The Spider's Web (serial)

[1] Richard Wentworth (Warren Hull), an amateur criminologist who is friendly with the police and is secretly "The Spider," a masked vigilante, is equally determined to destroy the Octopus and his gang.

The only people who know Wentworth's various identities are his assistants Jackson (Richard Fiske) and Ram Singh (Kenne Duncan), his butler Jenkins (Don Douglas), and his fiancée Nita (Iris Meredith).

Each chapter ends with The Spider or his friends in deep trouble, often about to be killed, but the effect is spoiled by a trailer for the next episode which follows, showing them rescued and continuing to fight the villains.

[2] The original pulp magazine stories were too violent for the motion picture production code, but The Spider's Web "did manage to suggest [their] frantic pace".
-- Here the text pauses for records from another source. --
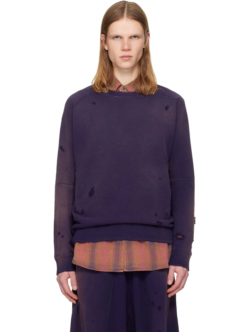 French terry sweatshirt. · Fading and distressing throughout · Rib-knit crewneck, hem, side seams, and cuffs · Darts at raglan sleeves Supplier color: Purple Body: 100% cotton. Trim: 100% cotton. Made in Japan 251821M204002
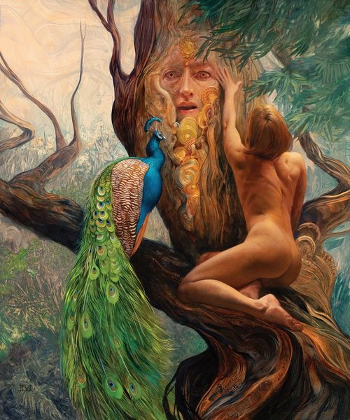 Julie Bell created this painting, A Cloud of Black Leopards, using oil on board, presenting us with a fantastical scene that hints at broader cultural themes. The muscular figure is reminiscent of classical sculpture, but here, the figure is a woman, boldly taking center stage in a way that challenges traditional gender roles often seen in art history. The leopards, powerful and sleek, symbolize strength, and independence. The backdrop, with its waterfall and mystical eye in the lower right corner, creates an otherworldly setting, as Bell combines elements of fantasy with a celebration of female empowerment. To truly understand this painting, one might explore the rise of feminist art movements and how they intersect with fantasy and science fiction genres. Bell's work fits into a larger conversation about challenging social norms and envisioning new possibilities through art.
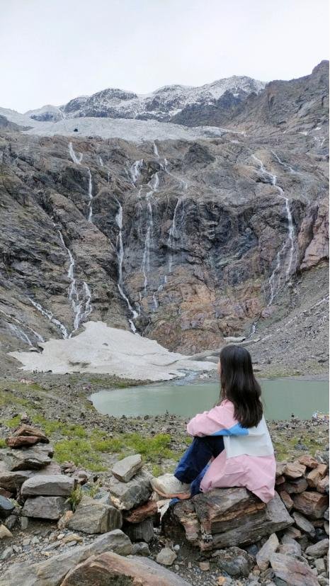 到了冰湖垭口的时候,我已经没有力气了。就想着在上面看一下就好了,但是我朋友说,你一定要下去看一下。于是我强打精神走了下去。
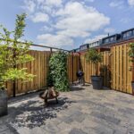 De heerlijke achtertuin, gelegen op het noordwesten, is voorzien van een nieuwe schutting, een houten tuinschuur/berging met elektra, buitenkraan, buiten stopcontacten, een achterom en een heerlijke overkapping van het terras aan het huis. Dankzij de goede ligging pakt deze tuin gedurende de gehele middag en avond volop zon. Op het gemeenschappelijke binnenterrein is een privé parkeerplaats. De ruime voortuin is gelegen op het zuidoosten en biedt naast een fraai uitzicht op de singel, een heerlijk ochtendzonnetje. De ideale plek voor een kop koffie en/of ontbijt in de ochtendzon.
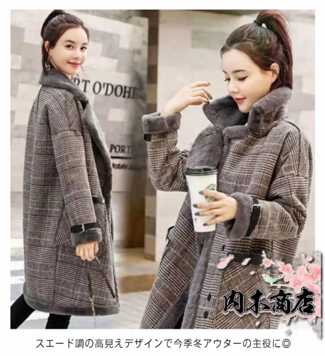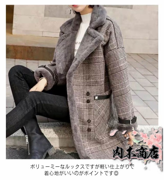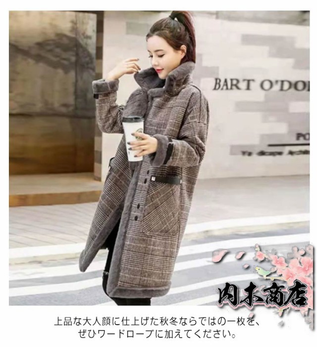 人気急上昇 レビュー高評価 レディース ボア 羽織り アウター ゆったり 秋冬 厚手 ムートンコート もこもこ ジャケット あったか グレンチェック ボアコート 裏ボア 暖かい ロングパーカー フェイクファー 長袖 チェスターコート フェイクムートン 冬用
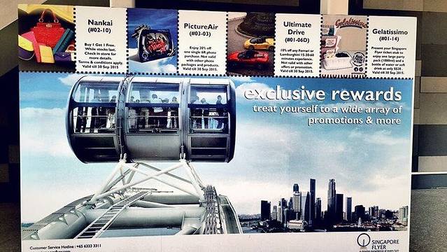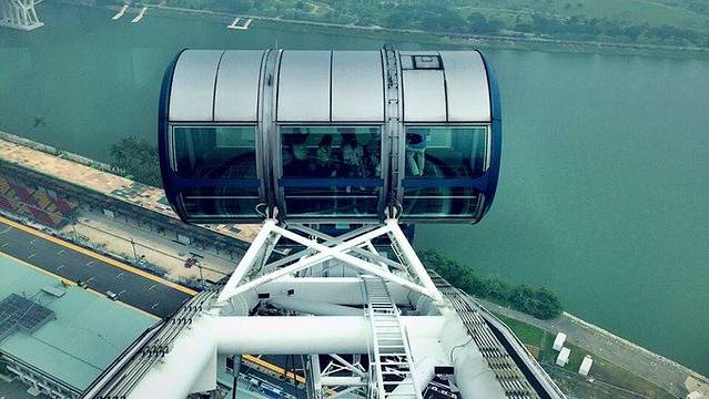 新加坡摩天观景轮是目前为止世界最大的巨型观景轮,每个舱位可以容纳20名乘客,成人票价33新币, 游客可以在距离地面165米的高空,俯瞰整个滨海湾地区的全景,远眺新加坡繁华都市。
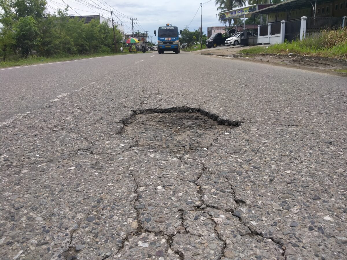 “Jalan nasional ini merupakan akses yang ramai dilalui pengendara, untuk itu kami meminta agar pihak berwenang segera memperbaikinya, sebab kalau dibiarkan, kerusakannya juga semakin parah,” pungkas Farhan.
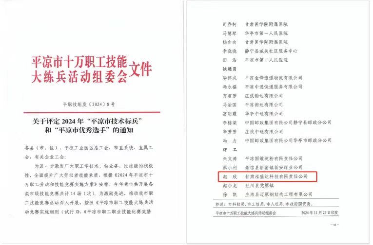 2024-11-26近日,平凉市十万职工技能大练兵活动组委会印发了关于评定2024年“平凉市技术标兵”和“平凉市优秀选手”的通知,甘肃泓盛达科技有限责任公司赵欣获得“平凉市优秀选手”称号。赵欣此次获得“平凉市优秀选手”荣誉称号,既是对他个人敬业精神的充分肯定,也是对公司
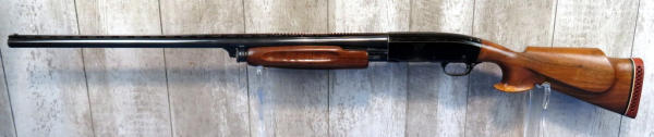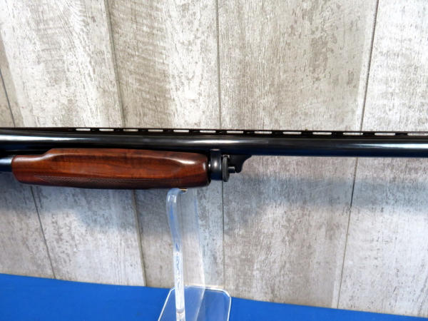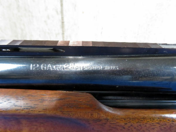 30" VR-BBL; vent looks to be aftermarket; has custom target stock w/maple wood tip oversized pistol grip; wood is very nice, receiver has scratches; 2.75" chamber; FC; SN#89677
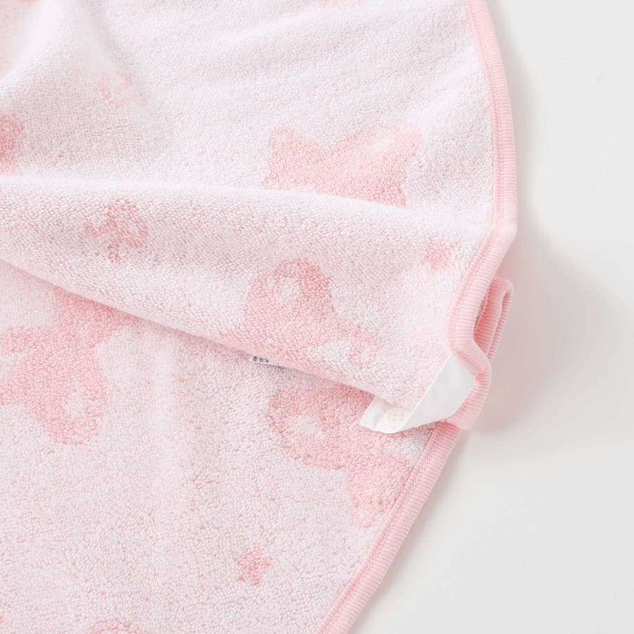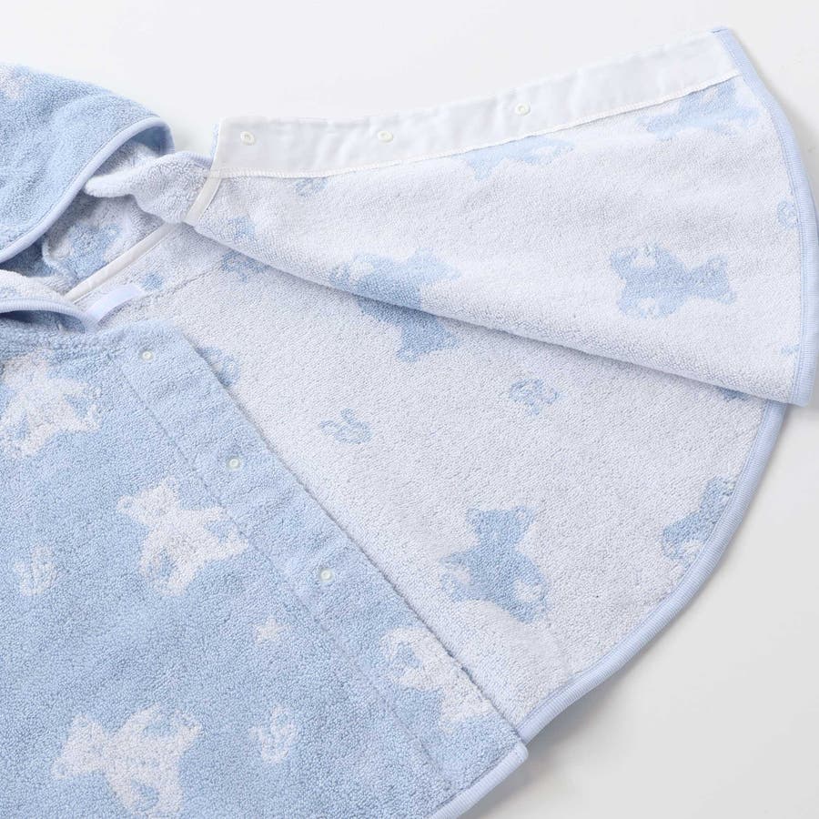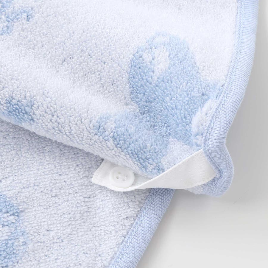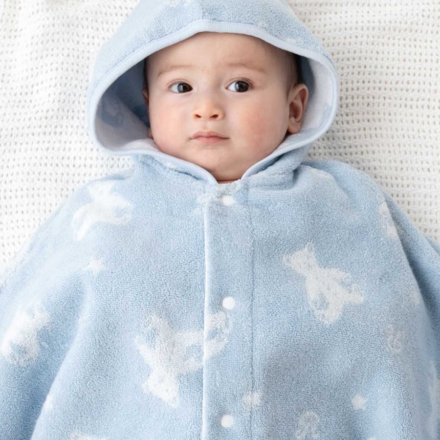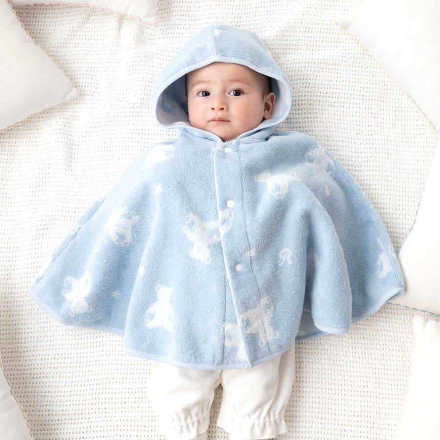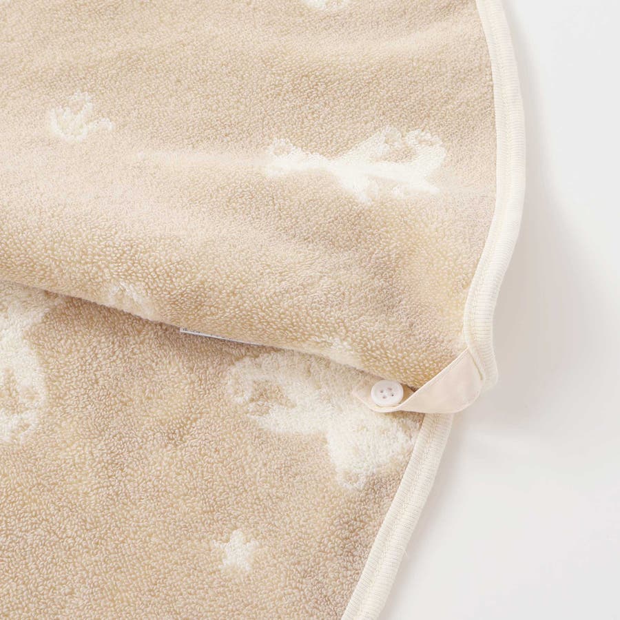 前はホックで着脱できるので、ねんね時には膝掛けやおくるみとして、 首がすわったら、ケープとしてご着用いただけます。

Beginning with the pulp's sixth issue in 1934, The Spider employed horror makeup consisting of a "fright wig", fangs, a false hooked nose, and a hunchback.
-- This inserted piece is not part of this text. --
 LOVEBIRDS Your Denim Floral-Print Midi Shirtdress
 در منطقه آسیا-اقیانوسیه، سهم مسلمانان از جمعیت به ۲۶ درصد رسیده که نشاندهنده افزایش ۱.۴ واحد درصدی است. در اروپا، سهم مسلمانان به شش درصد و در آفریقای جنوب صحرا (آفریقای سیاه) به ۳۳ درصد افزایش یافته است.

The screenplay was written by serial scenarists George H. Plympton and Basil Dickey, feature-film writer Robert E. Kent, and newspaperman Martie Ramson, whose hard-boiled short stories were syndicated in 1935 and 1936.

The Spider's Web was wildly successful when first released in 1938; it was the most popular serial of that year, according to a tally published in The Motion Picture Herald and its sister publication The Film Daily,[6] and was such an exhibitor favorite that Columbia used it to launch a series of reissues in 1947.